WHAT THE TASK REQUIRES: Apart from the pictures, every entry must be retyped exactly.
[Opening RECORDS FOR THE TASK section]
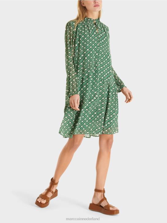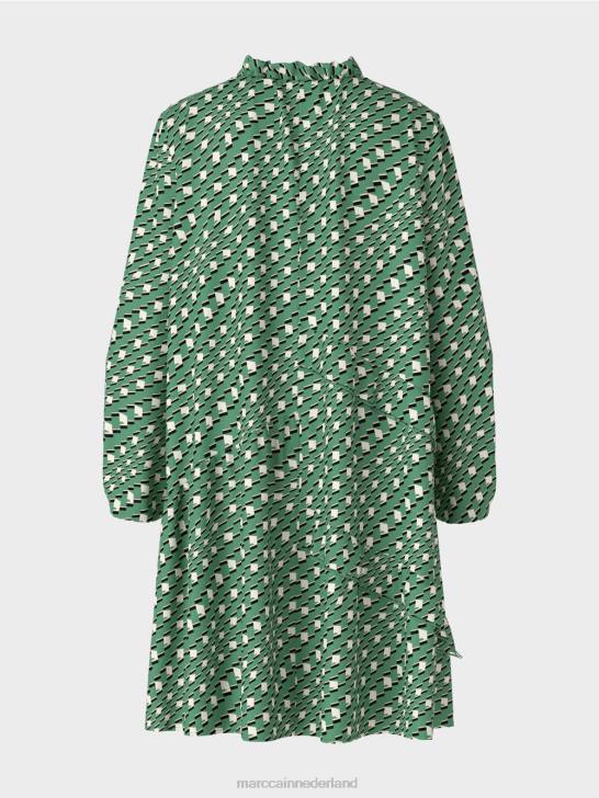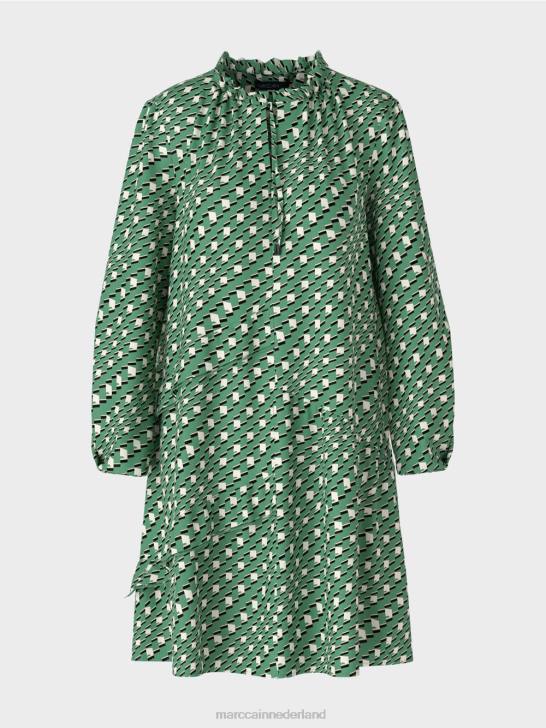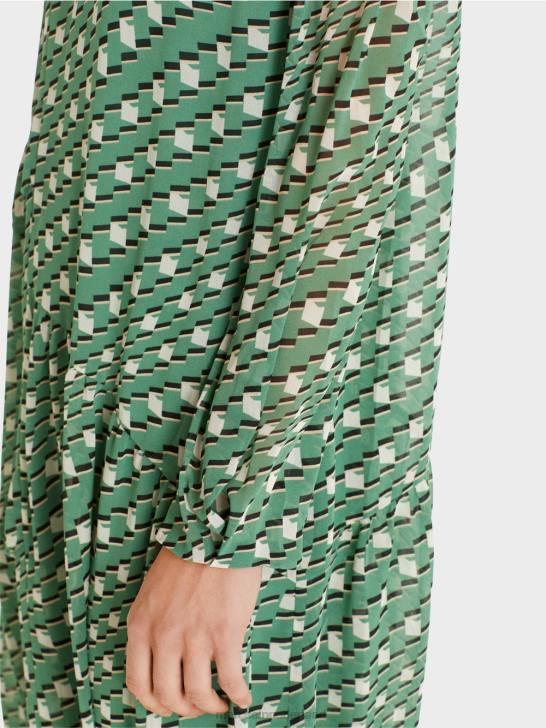 de jurk presenteert zich met een relaxed silhouet en een zwierig rokgedeelte met kleine ruches. het vloeiende, lichtgewicht materiaal zorgt voor een aangenaam draagcomfort. Het item wordt geleverd met een binnenvoering en een koord bij de kraag.
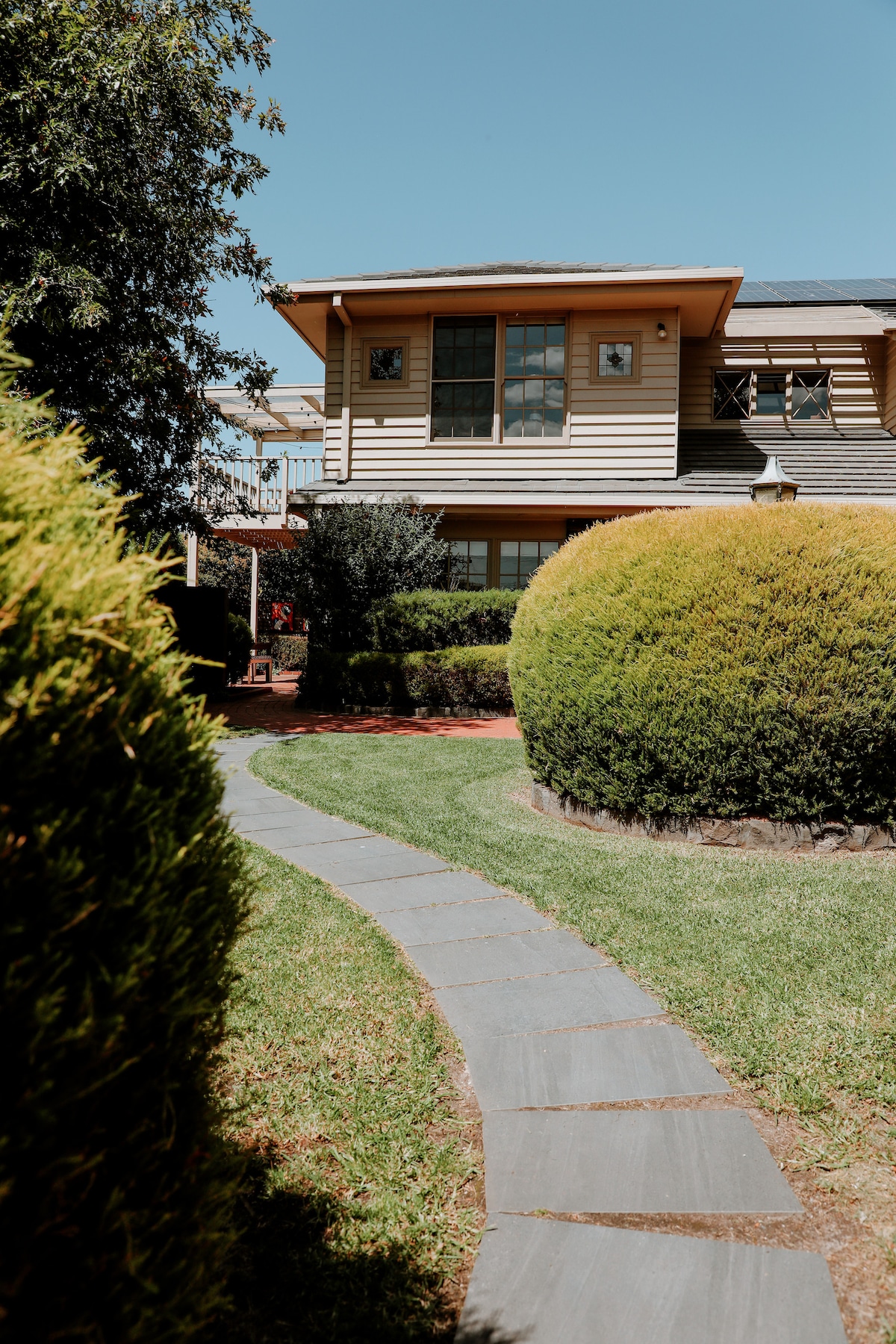 Sleeps up to 6 guests across 3 bedrooms 3 toilets, 3 showers, and 2 bathtubs Heating and cooling in all rooms dining area, spacious lounge, and fully equipped commercial-style kitchen Private 6-person hot tub spa Indoor and outdoor wood fires Set on a private acre with tranquil gardens, lily pond, Guests have sole access to all facilities Dog-friendly for up to 2 dogs (with prior approval); NO CATS fresh bakes on arrival Private carpark for 4 cars Free wifi
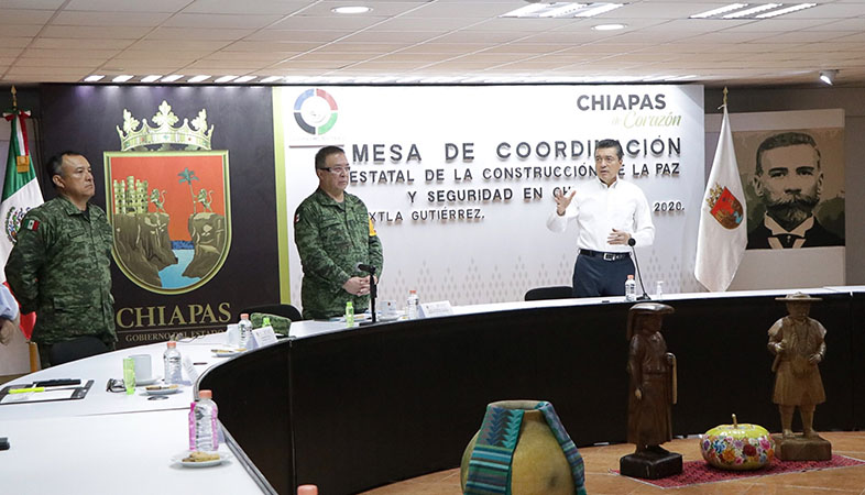 El mandatario subrayó que mediante la Mesa de Seguridad sesionan todas las mañanas, representantes de las instituciones de seguridad, justicia, migración, derechos humanos, programas sociales, entre otras, con el compromiso de garantizar la paz, la tranquilidad y el bienestar de las familias chiapanecas, sobre todo, en estos momentos tan difíciles por la pandemia.
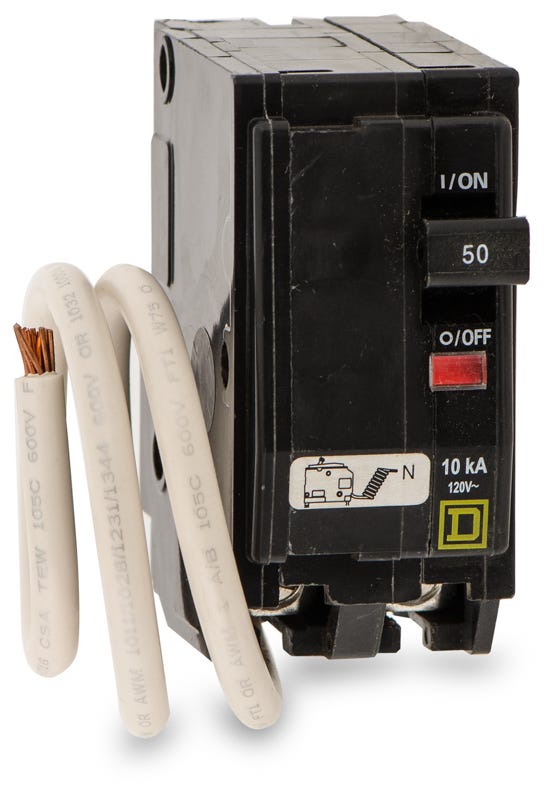 The Square D QO250SWN is a 2 Pole thermal magnetic molded case circuit breaker with a current rating of 50 Amps and a voltage rating of 120/240VAC. It has an interrupting rating of 10kAIC at 120VAC. The QO250SWN has a plug-in connection type and includes LI - long-time and instantaneous trip functions.
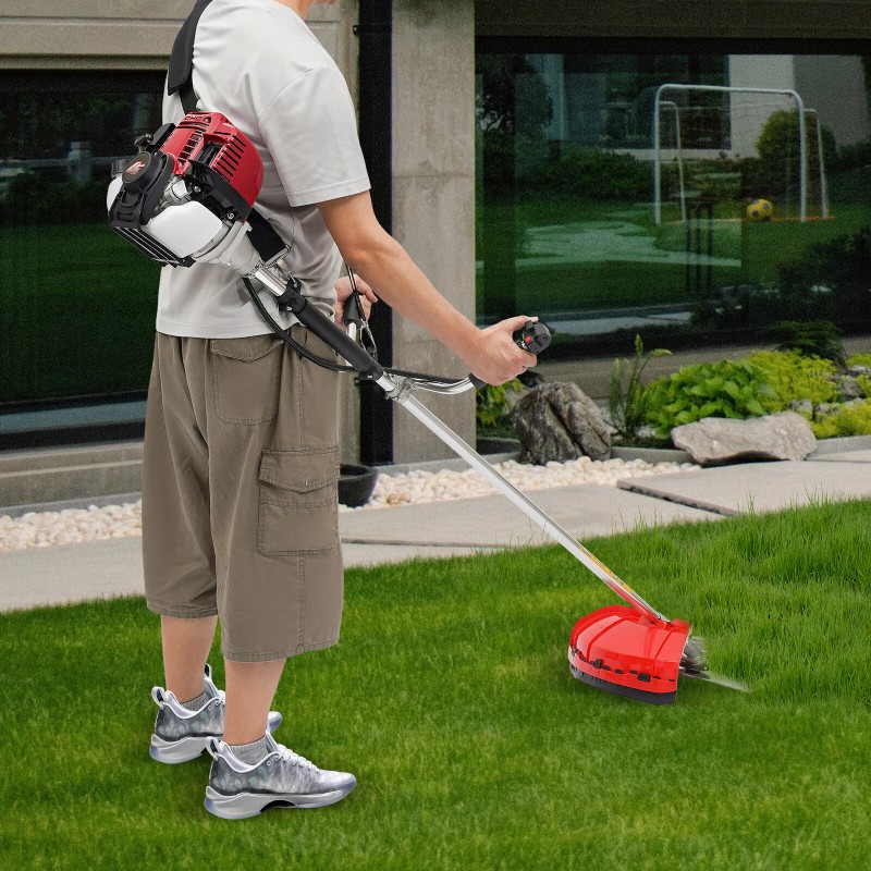 This gas-powered brush cutter is powered by a powerful 38.3cc four-stroke engine that can cut grass quickly and deliver a powerful power of about 1050W. Its manganese steel blade can sweep through many kinds of grass. Its shoulder strap and handle make maneuvering more comfortable and stable. This is an efficient, versatile, and durable gardening tool.
[Closing RECORDS FOR THE TASK section]
FINAL ANSWER:
 de jurk presenteert zich met een relaxed silhouet en een zwierig rokgedeelte met kleine ruches. het vloeiende, lichtgewicht materiaal zorgt voor een aangenaam draagcomfort. Het item wordt geleverd met een binnenvoering en een koord bij de kraag.
 Sleeps up to 6 guests across 3 bedrooms 3 toilets, 3 showers, and 2 bathtubs Heating and cooling in all rooms dining area, spacious lounge, and fully equipped commercial-style kitchen Private 6-person hot tub spa Indoor and outdoor wood fires Set on a private acre with tranquil gardens, lily pond, Guests have sole access to all facilities Dog-friendly for up to 2 dogs (with prior approval); NO CATS fresh bakes on arrival Private carpark for 4 cars Free wifi
 El mandatario subrayó que mediante la Mesa de Seguridad sesionan todas las mañanas, representantes de las instituciones de seguridad, justicia, migración, derechos humanos, programas sociales, entre otras, con el compromiso de garantizar la paz, la tranquilidad y el bienestar de las familias chiapanecas, sobre todo, en estos momentos tan difíciles por la pandemia.
 The Square D QO250SWN is a 2 Pole thermal magnetic molded case circuit breaker with a current rating of 50 Amps and a voltage rating of 120/240VAC. It has an interrupting rating of 10kAIC at 120VAC. The QO250SWN has a plug-in connection type and includes LI - long-time and instantaneous trip functions.
 This gas-powered brush cutter is powered by a powerful 38.3cc four-stroke engine that can cut grass quickly and deliver a powerful power of about 1050W. Its manganese steel blade can sweep through many kinds of grass. Its shoulder strap and handle make maneuvering more comfortable and stable. This is an efficient, versatile, and durable gardening tool.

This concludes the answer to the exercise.